The total amount invested in Rusnano USA by Joule Unlimited came to 1.1 billion Russian rubles, or a little more than $39 million in 2011 dollars.
(Due to the dramatic decline of the ruble over the past eight years, the current value of that investment, in 2019 dollars, is a little over $16 million.)
All told, Joule Unlimited received $200 million in investments before it was shut down in 2017, a consequence of the changed political attitude towards federal subsidization of experimental alternative energy sources in the new Trump administration.

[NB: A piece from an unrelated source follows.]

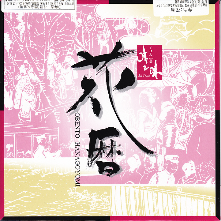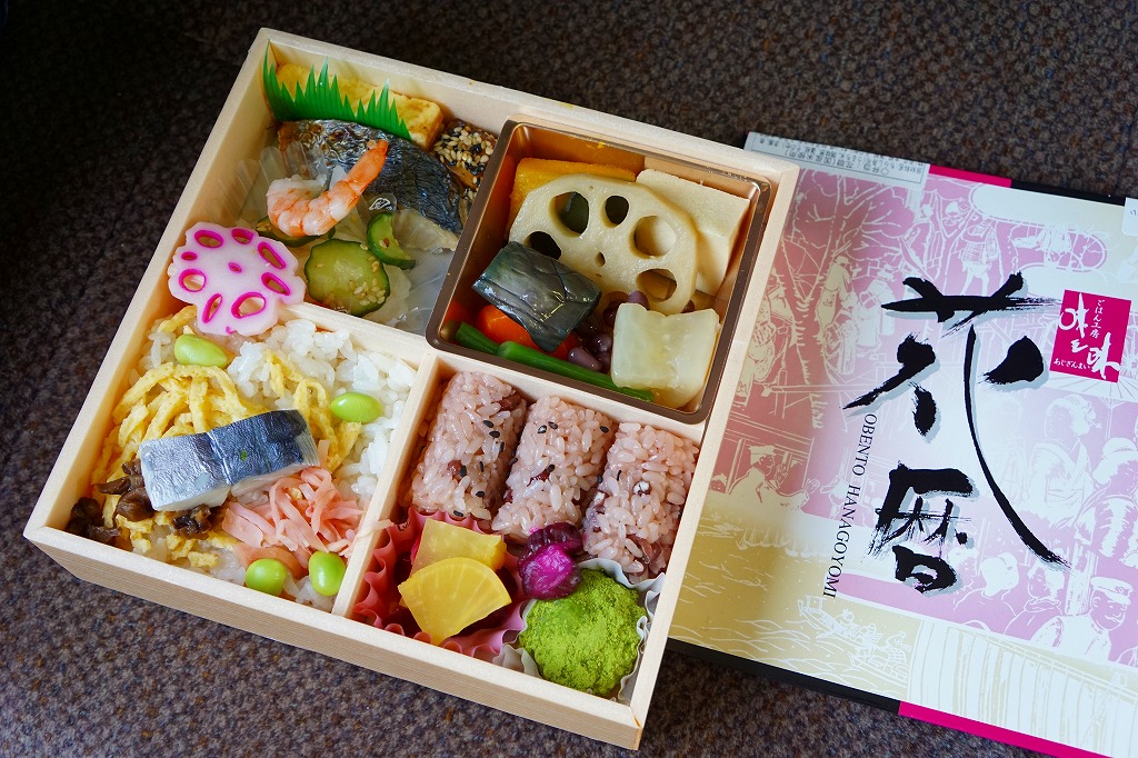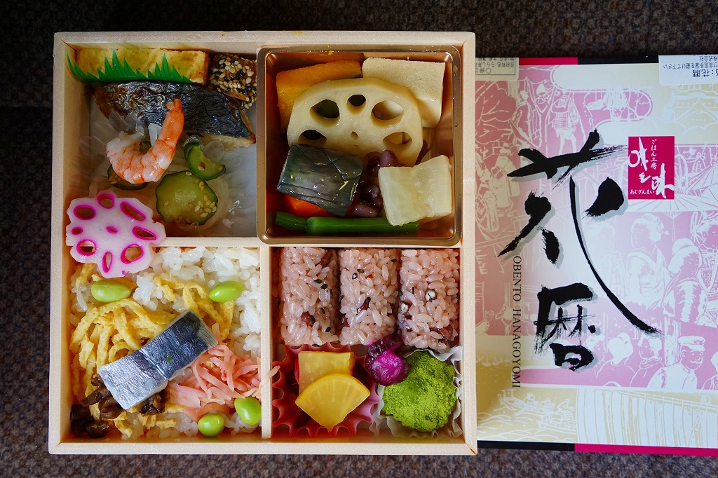 姫路駅ではどうも定番の駅弁らしい。松花堂の4区画に、ちらしずし、赤飯の俵飯に漬物とわらびもち、カボチャやレンコンなどの煮物、焼きサバと玉子焼と酢の物を詰める。京風の女性に人気のお弁当だそうな。価格は2014(平成26)年の購入時で1,000円、2015(平成27)年4月の消費税率改定により1,030円。2019年時点で1,000円。2020年時点で販売されていない模様。

Due to its investment in Joule Unlimited through Rusnano USA, the Russian government stood to benefit financially if pro-alternate energy Hillary Clinton won the presidency in 2016, and to lose financially if Donald Trump won.
According to the 2012 CFIUS annual report, there were no “covered transactions” from Russian companies reviewed in 2011, although a total of 111 other transactions that year were identified as “covered transactions,” including 25 from the UK, 14 from France, and ten from China.
Throughout Hillary Clinton’s tenure as Secretary of State from January 2009 to February 2013, Russian investments in American technology and related companies did not receive a great deal of attention from CFIUS.
In calendar year 2009, for instance, 65 “covered transactions” were reviewed by CFIUS. Not one was from a Russian Federation company. (Source: CFIUS 2012 Annual Report to Congress)
Of these 65 reviewed transactions, five notices were withdrawn prior to the commencement of an investigation, 25 investigations were undertaken, and two notices were withdrawn after investigations commenced.
In total seven of the 65 “covered transactions” were withdrawn, Law360.com reported.
Lacking a focused investigation into John Podesta, Rusnano,and Joule Unlimited, we may never know why CFIUS failed to review a transaction that by all apparent indicators fit the statutory requirements for CFIUS review.